• TASK GOAL
Output all of the records word for word and drop the images.

• DATA FOR ANALYSIS
>>>
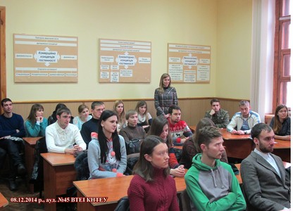 8 грудня 2014 року в приміщенні першого корпусу ВТЕІ КНТЕУ в рамках «Всеукраїнського тижня права» для груп студентів інституту була проведена зустріч з головою Правління «Подільського центру прав людини» Бардиним Михайлом Богдановичем. Тема доповіді: «Захист прав та інтересів громадян в сучасних умовах України». Після змістовної доповіді відбулася жвава дискусія, в якій студентство активно обговорювало низький рівень правової захищеності громадян в Україні, неефективність та заангажованість роботи судів та правоохоронних органів, а також першочергові шляхи проведення реформування системи безпеки громадян України. Доповідач наводив приклади захисту прав людини в конкретних життєвих ситуаціях.
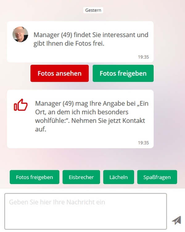 Wenn Sie nichts machen, erhalten Sie monatlich rund 50 neue Vorschläge. Dazu kommen noch Singles, die Ihnen eine Nachricht schreiben oder eine Fotofreigabe anbieten.
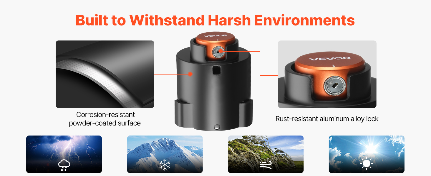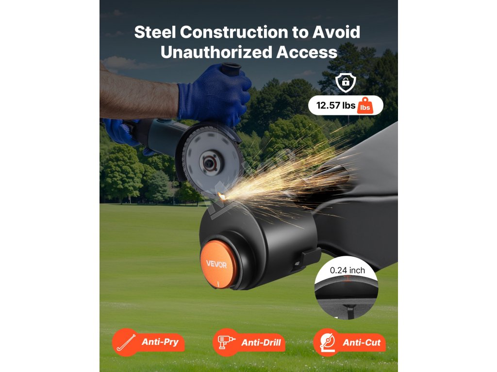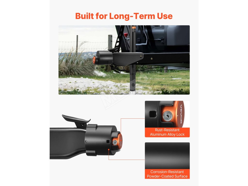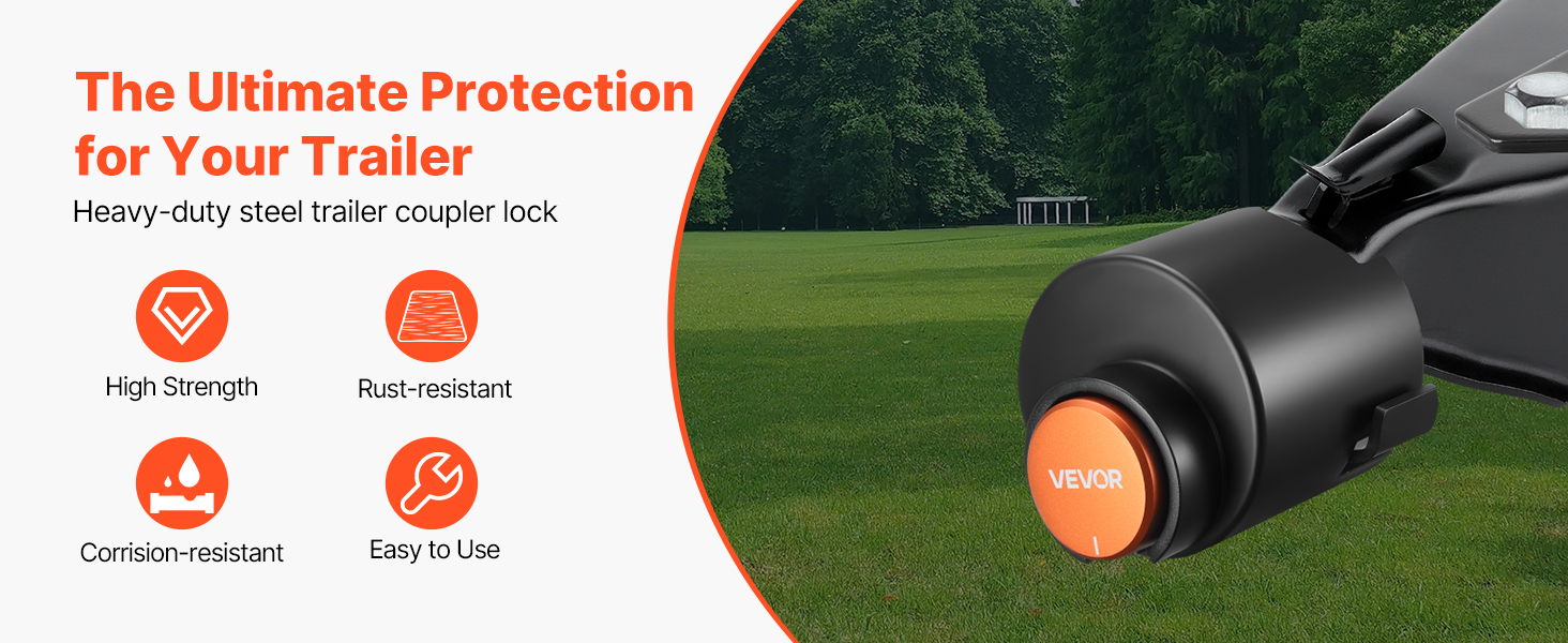 Náš 12,57 kg ťažký zámok spojky je vyrobený z vysokopevnostnej uhlíkovej ocele, vďaka čomu je odolný a bezpečný pre váš príves alebo obytný automobil. Zabezpečte svoje vozidlo pred krádežou, keď je zaparkované vonku!
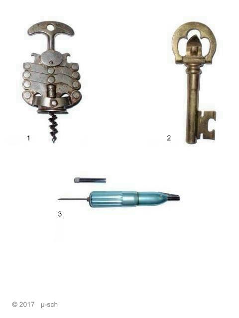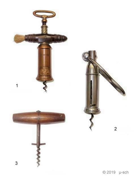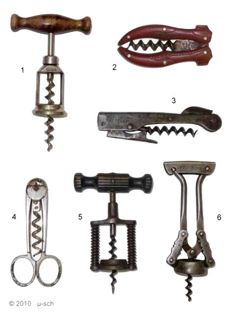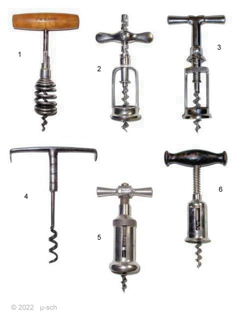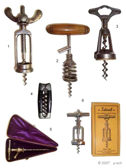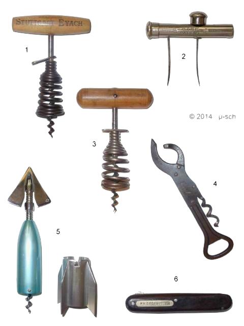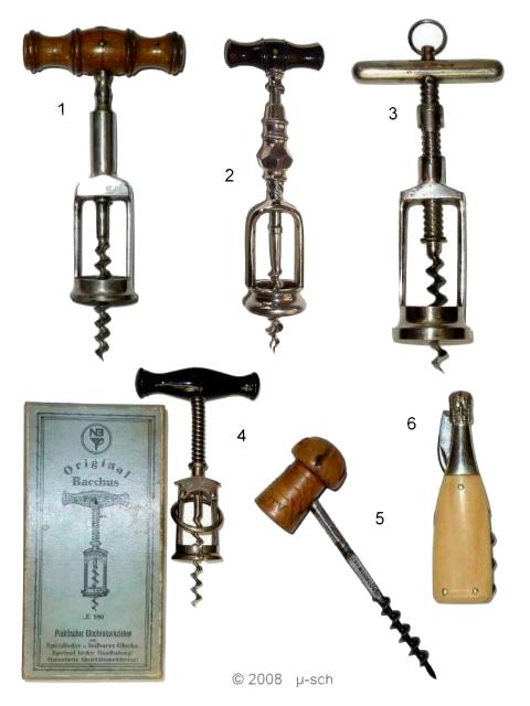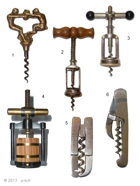 - Corkscrew with split frame and sliding ring to hold the frame together.
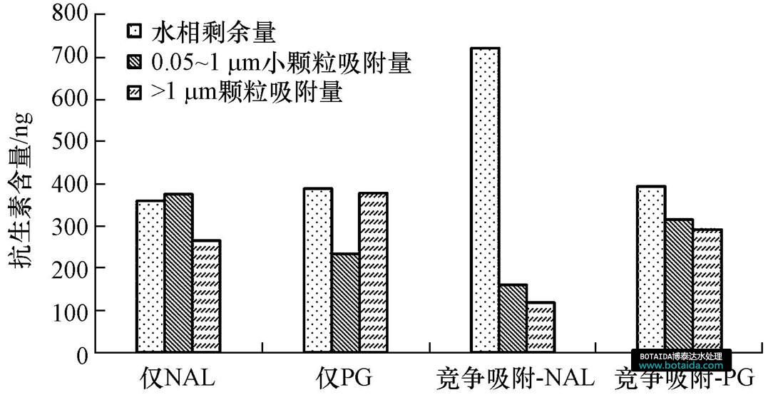 圖 1所示為萘啶酸(NAL)與青霉素G(PG)單獨存在及共同存在于水中的吸附實驗結果.通過對比水相剩余量可知,當萘啶酸和青霉素G同時存在時,固體顆粒對青霉素G的吸附能力大于對萘啶酸的吸附能力.與抗生素單獨存在相比,萘啶酸的水相剩余量顯著增大,而青霉素G的水相剩余量則基本維持不變.可見,青霉素G的存在很大程度地抑制了顆粒對萘啶酸的吸附,但顆粒對其自身的吸附量影響甚微.這同時說明單一物質存在時,即使吸附達到平衡,顆粒上的吸附位點卻未飽和,顆粒的吸附能力并未達到最大.
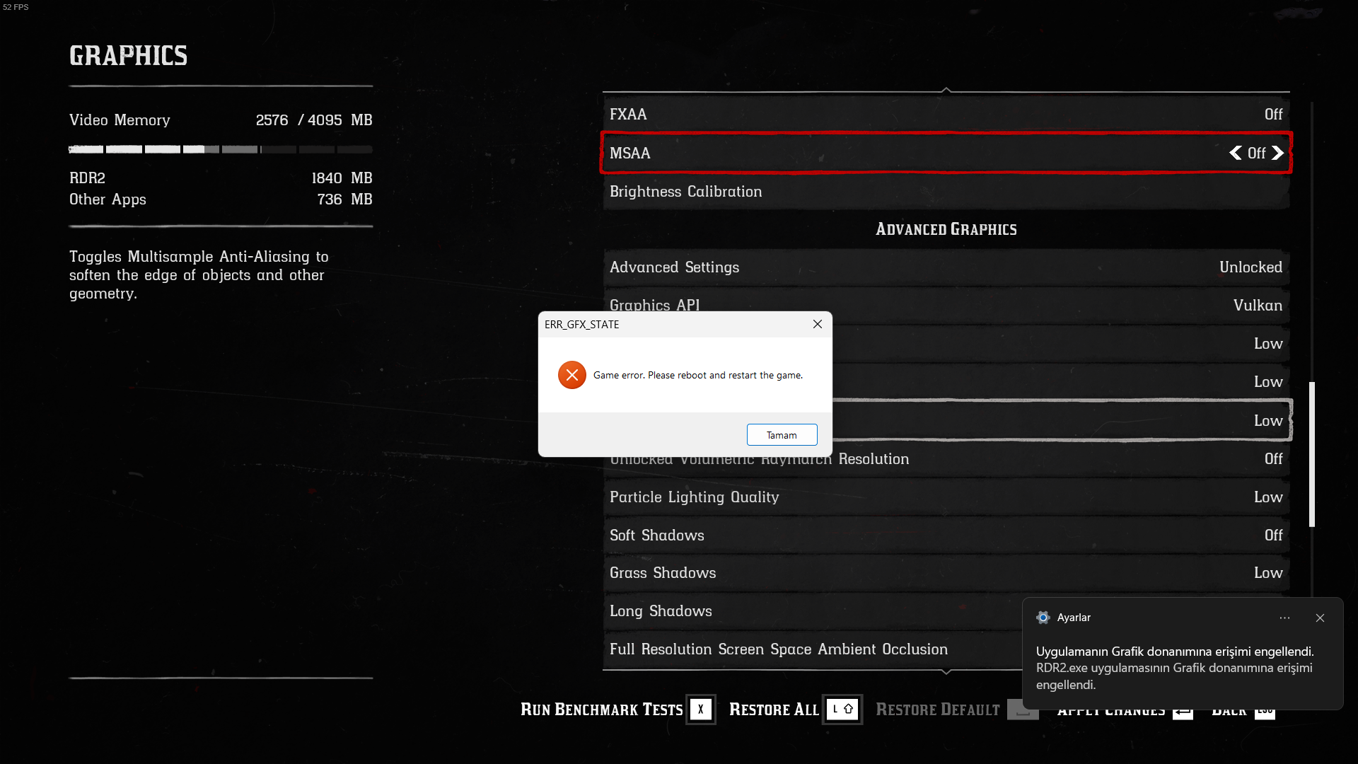 Oyuna daha giriş bile yapamadım maalesef her yerde araştırdım çözümünü bulamadım. Oyundaki seslerde acayip bir cızırtı mevcut bütün ayarları Low ayarlara çekmeme rağmen 30 FPS alıyorum oyunda ayrıyeten aşağıdaki görseldeki hatayı verip atıyor.
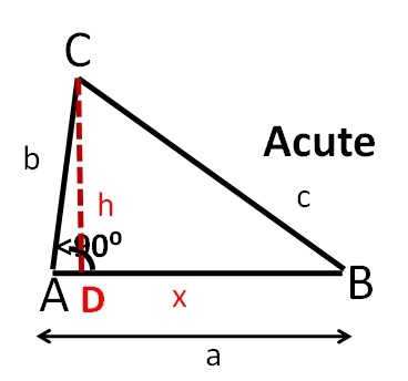Para un triángulo obtuso ABC, la longitud del lado BC opuesto al ángulo obtuso es c, la base AB es a y el lado AC es b. Dibujamos una línea vertical CD que llegaba a la base extendida AB en D. Sea h la longitud de BD y x sea AD.
<<<
• OUTPUT OF THE TASK
 8 грудня 2014 року в приміщенні першого корпусу ВТЕІ КНТЕУ в рамках «Всеукраїнського тижня права» для груп студентів інституту була проведена зустріч з головою Правління «Подільського центру прав людини» Бардиним Михайлом Богдановичем. Тема доповіді: «Захист прав та інтересів громадян в сучасних умовах України». Після змістовної доповіді відбулася жвава дискусія, в якій студентство активно обговорювало низький рівень правової захищеності громадян в Україні, неефективність та заангажованість роботи судів та правоохоронних органів, а також першочергові шляхи проведення реформування системи безпеки громадян України. Доповідач наводив приклади захисту прав людини в конкретних життєвих ситуаціях.
 Wenn Sie nichts machen, erhalten Sie monatlich rund 50 neue Vorschläge. Dazu kommen noch Singles, die Ihnen eine Nachricht schreiben oder eine Fotofreigabe anbieten.
 Náš 12,57 kg ťažký zámok spojky je vyrobený z vysokopevnostnej uhlíkovej ocele, vďaka čomu je odolný a bezpečný pre váš príves alebo obytný automobil. Zabezpečte svoje vozidlo pred krádežou, keď je zaparkované vonku!
 - Corkscrew with split frame and sliding ring to hold the frame together.
 圖 1所示為萘啶酸(NAL)與青霉素G(PG)單獨存在及共同存在于水中的吸附實驗結果.通過對比水相剩余量可知,當萘啶酸和青霉素G同時存在時,固體顆粒對青霉素G的吸附能力大于對萘啶酸的吸附能力.與抗生素單獨存在相比,萘啶酸的水相剩余量顯著增大,而青霉素G的水相剩余量則基本維持不變.可見,青霉素G的存在很大程度地抑制了顆粒對萘啶酸的吸附,但顆粒對其自身的吸附量影響甚微.這同時說明單一物質存在時,即使吸附達到平衡,顆粒上的吸附位點卻未飽和,顆粒的吸附能力并未達到最大.
 Oyuna daha giriş bile yapamadım maalesef her yerde araştırdım çözümünü bulamadım. Oyundaki seslerde acayip bir cızırtı mevcut bütün ayarları Low ayarlara çekmeme rağmen 30 FPS alıyorum oyunda ayrıyeten aşağıdaki görseldeki hatayı verip atıyor.
Para un triángulo obtuso ABC, la longitud del lado BC opuesto al ángulo obtuso es c, la base AB es a y el lado AC es b. Dibujamos una línea vertical CD que llegaba a la base extendida AB en D. Sea h la longitud de BD y x sea AD.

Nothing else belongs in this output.